How to complete this task :: Below are some entries. Transcribe the lines from the one holding "1、打开应用,页面显示搜索栏" to the one holding "我が家のお庭の番人、グレムリンくんも寒そう😖", inclusive, but not the pictures among them.

Extracted information ::
:::

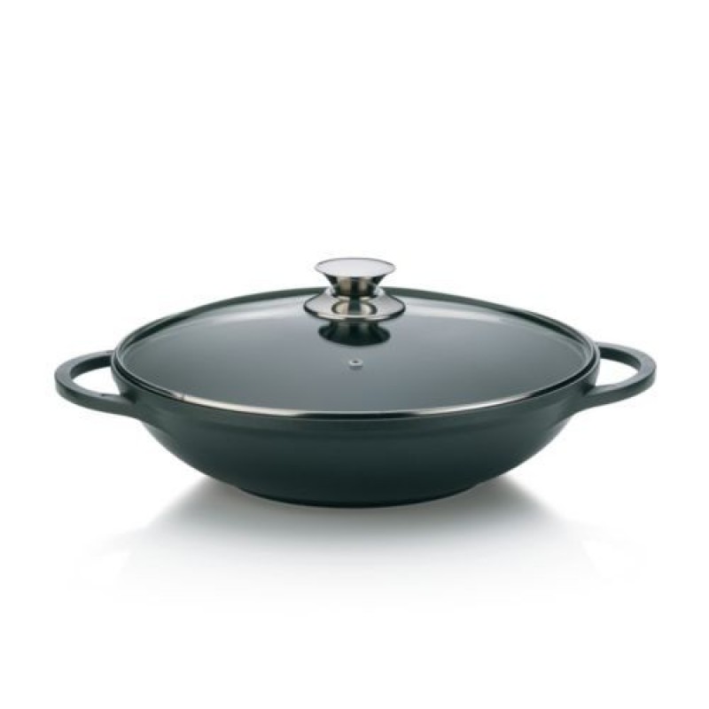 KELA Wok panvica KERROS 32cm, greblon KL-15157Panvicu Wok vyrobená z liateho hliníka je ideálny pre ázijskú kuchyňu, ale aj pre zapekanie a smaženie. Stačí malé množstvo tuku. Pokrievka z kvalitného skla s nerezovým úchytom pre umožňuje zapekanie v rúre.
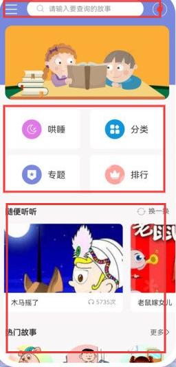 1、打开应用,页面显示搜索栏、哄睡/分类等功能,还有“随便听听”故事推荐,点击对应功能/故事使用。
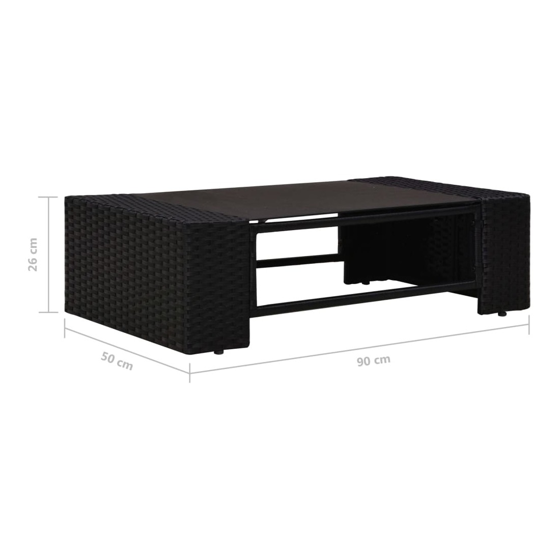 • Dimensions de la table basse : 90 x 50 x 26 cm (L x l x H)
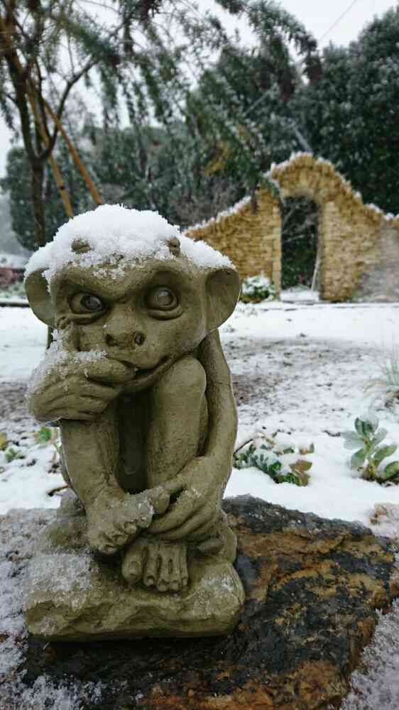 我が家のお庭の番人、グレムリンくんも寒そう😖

:::

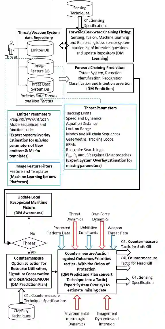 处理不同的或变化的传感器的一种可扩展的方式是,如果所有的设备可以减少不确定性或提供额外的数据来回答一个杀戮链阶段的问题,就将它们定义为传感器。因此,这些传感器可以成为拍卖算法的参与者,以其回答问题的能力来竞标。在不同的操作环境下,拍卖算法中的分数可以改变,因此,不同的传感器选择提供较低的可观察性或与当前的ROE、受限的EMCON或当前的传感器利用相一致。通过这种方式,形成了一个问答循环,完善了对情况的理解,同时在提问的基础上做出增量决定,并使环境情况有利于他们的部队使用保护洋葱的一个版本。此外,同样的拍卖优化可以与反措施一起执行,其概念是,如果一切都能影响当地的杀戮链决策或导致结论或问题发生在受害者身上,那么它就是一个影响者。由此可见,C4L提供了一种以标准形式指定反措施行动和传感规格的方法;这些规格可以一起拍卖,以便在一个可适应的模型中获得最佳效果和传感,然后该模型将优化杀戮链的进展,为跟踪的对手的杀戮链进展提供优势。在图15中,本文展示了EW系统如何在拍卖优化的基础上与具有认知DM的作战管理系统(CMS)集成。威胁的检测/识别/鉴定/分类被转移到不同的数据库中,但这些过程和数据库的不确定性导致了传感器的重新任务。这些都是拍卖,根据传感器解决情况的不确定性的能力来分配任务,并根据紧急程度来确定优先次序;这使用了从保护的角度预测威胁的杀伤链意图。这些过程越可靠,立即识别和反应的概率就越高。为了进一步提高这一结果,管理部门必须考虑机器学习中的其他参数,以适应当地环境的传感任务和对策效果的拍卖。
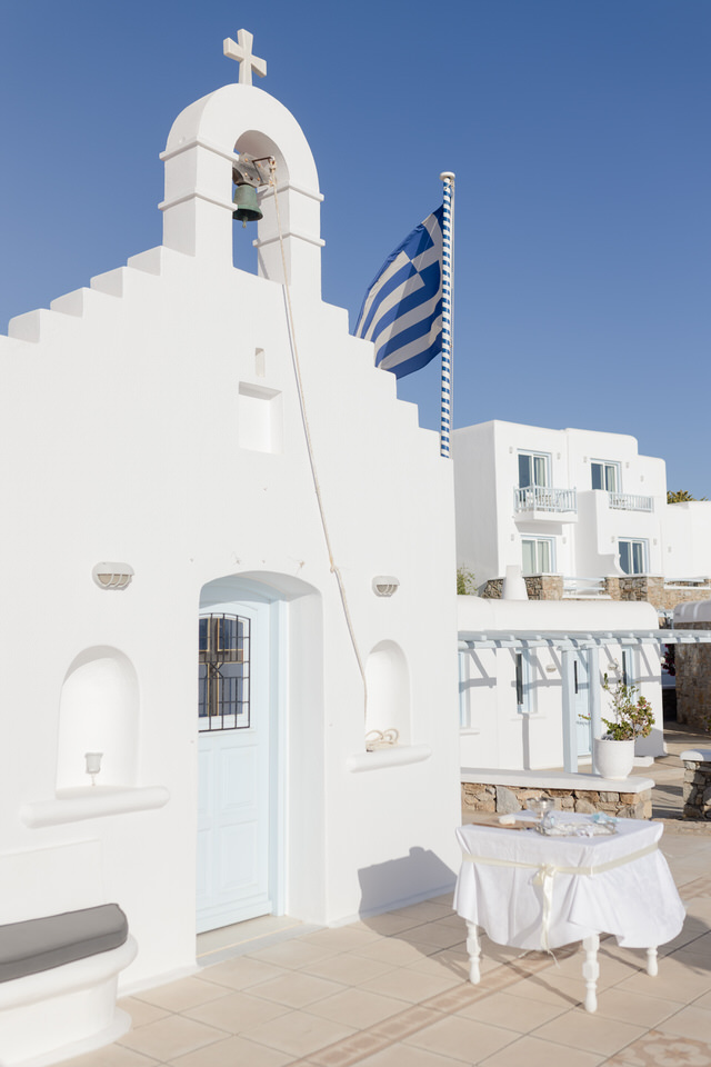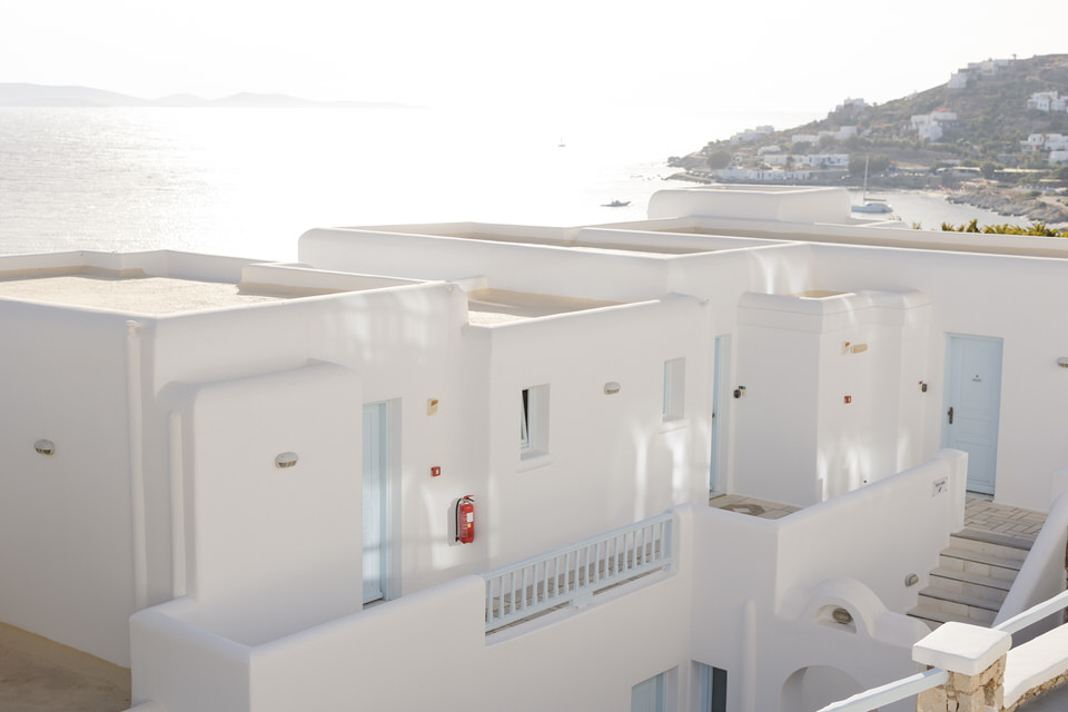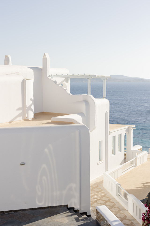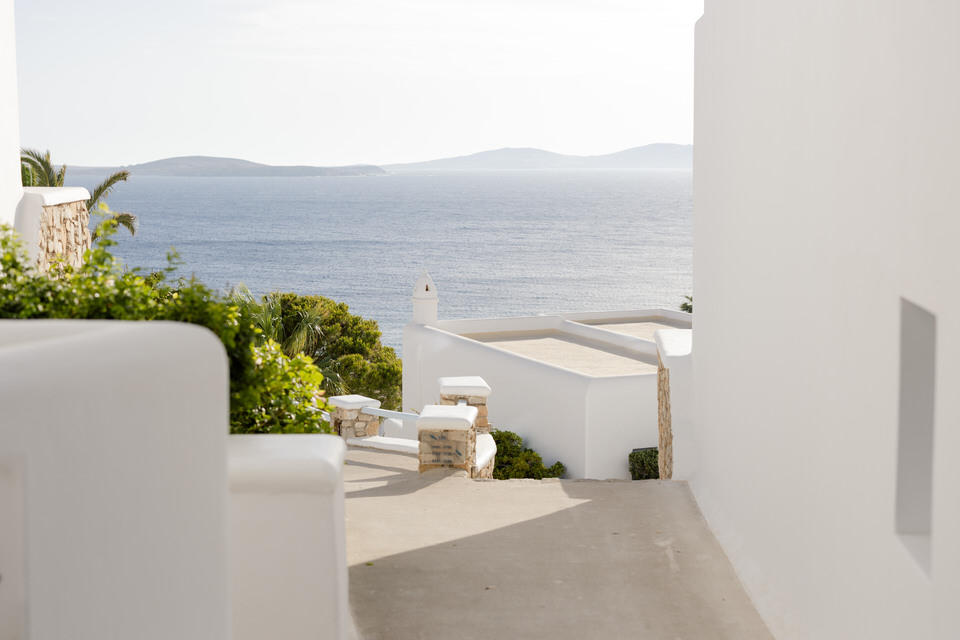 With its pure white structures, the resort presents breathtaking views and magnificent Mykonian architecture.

:::

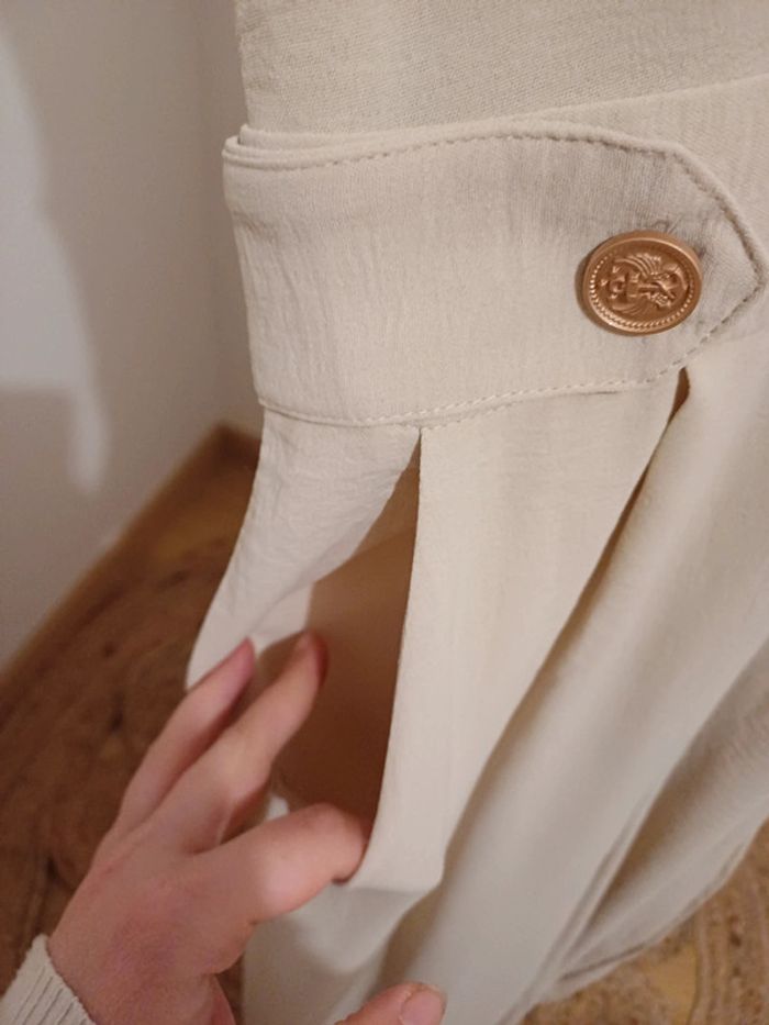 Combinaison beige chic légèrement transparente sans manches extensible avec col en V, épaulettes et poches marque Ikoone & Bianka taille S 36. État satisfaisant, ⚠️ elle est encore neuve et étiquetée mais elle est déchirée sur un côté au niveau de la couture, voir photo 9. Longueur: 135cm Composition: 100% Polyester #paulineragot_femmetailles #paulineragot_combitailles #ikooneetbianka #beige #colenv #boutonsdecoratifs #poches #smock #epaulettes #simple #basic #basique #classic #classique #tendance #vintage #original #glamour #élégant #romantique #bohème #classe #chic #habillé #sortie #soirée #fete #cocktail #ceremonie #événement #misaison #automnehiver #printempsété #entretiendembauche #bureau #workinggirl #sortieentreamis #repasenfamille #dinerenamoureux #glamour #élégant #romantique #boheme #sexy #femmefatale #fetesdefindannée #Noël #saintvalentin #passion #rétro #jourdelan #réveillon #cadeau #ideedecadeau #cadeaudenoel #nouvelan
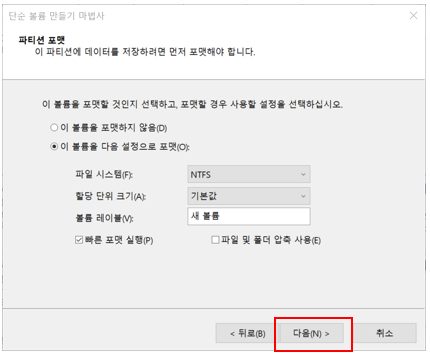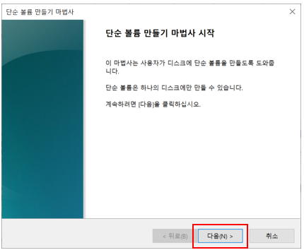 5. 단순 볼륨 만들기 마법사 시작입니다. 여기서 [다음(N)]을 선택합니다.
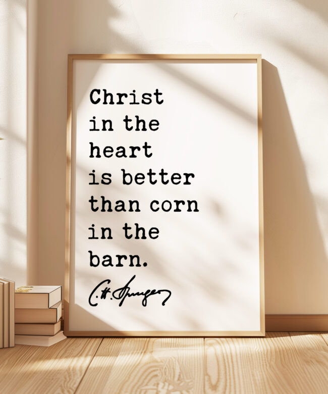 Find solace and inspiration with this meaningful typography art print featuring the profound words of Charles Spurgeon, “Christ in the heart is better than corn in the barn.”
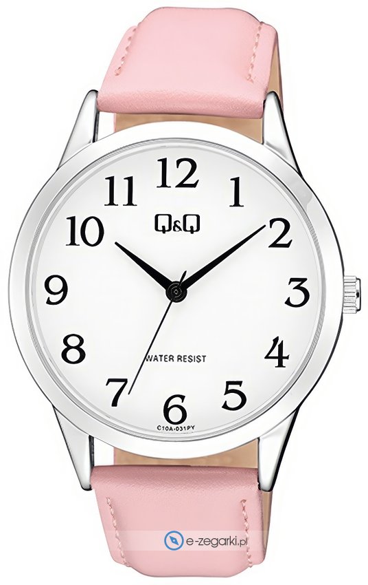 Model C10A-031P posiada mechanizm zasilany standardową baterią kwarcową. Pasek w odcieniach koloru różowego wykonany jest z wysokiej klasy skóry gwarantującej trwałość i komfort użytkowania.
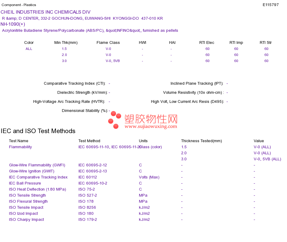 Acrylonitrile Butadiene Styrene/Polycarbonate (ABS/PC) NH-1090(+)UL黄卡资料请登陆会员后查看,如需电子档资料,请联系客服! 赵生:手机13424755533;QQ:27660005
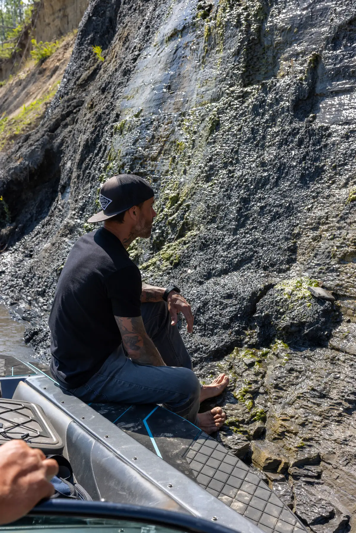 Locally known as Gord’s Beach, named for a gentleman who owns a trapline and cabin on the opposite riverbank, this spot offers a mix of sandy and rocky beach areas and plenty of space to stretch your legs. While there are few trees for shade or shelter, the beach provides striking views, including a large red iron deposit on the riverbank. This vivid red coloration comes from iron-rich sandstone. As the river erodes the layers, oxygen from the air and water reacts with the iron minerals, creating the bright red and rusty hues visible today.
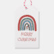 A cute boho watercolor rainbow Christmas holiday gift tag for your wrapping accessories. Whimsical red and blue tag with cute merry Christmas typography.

:::

Problem solution ::
 1、打开应用,页面显示搜索栏、哄睡/分类等功能,还有“随便听听”故事推荐,点击对应功能/故事使用。
 • Dimensions de la table basse : 90 x 50 x 26 cm (L x l x H)
 我が家のお庭の番人、グレムリンくんも寒そう😖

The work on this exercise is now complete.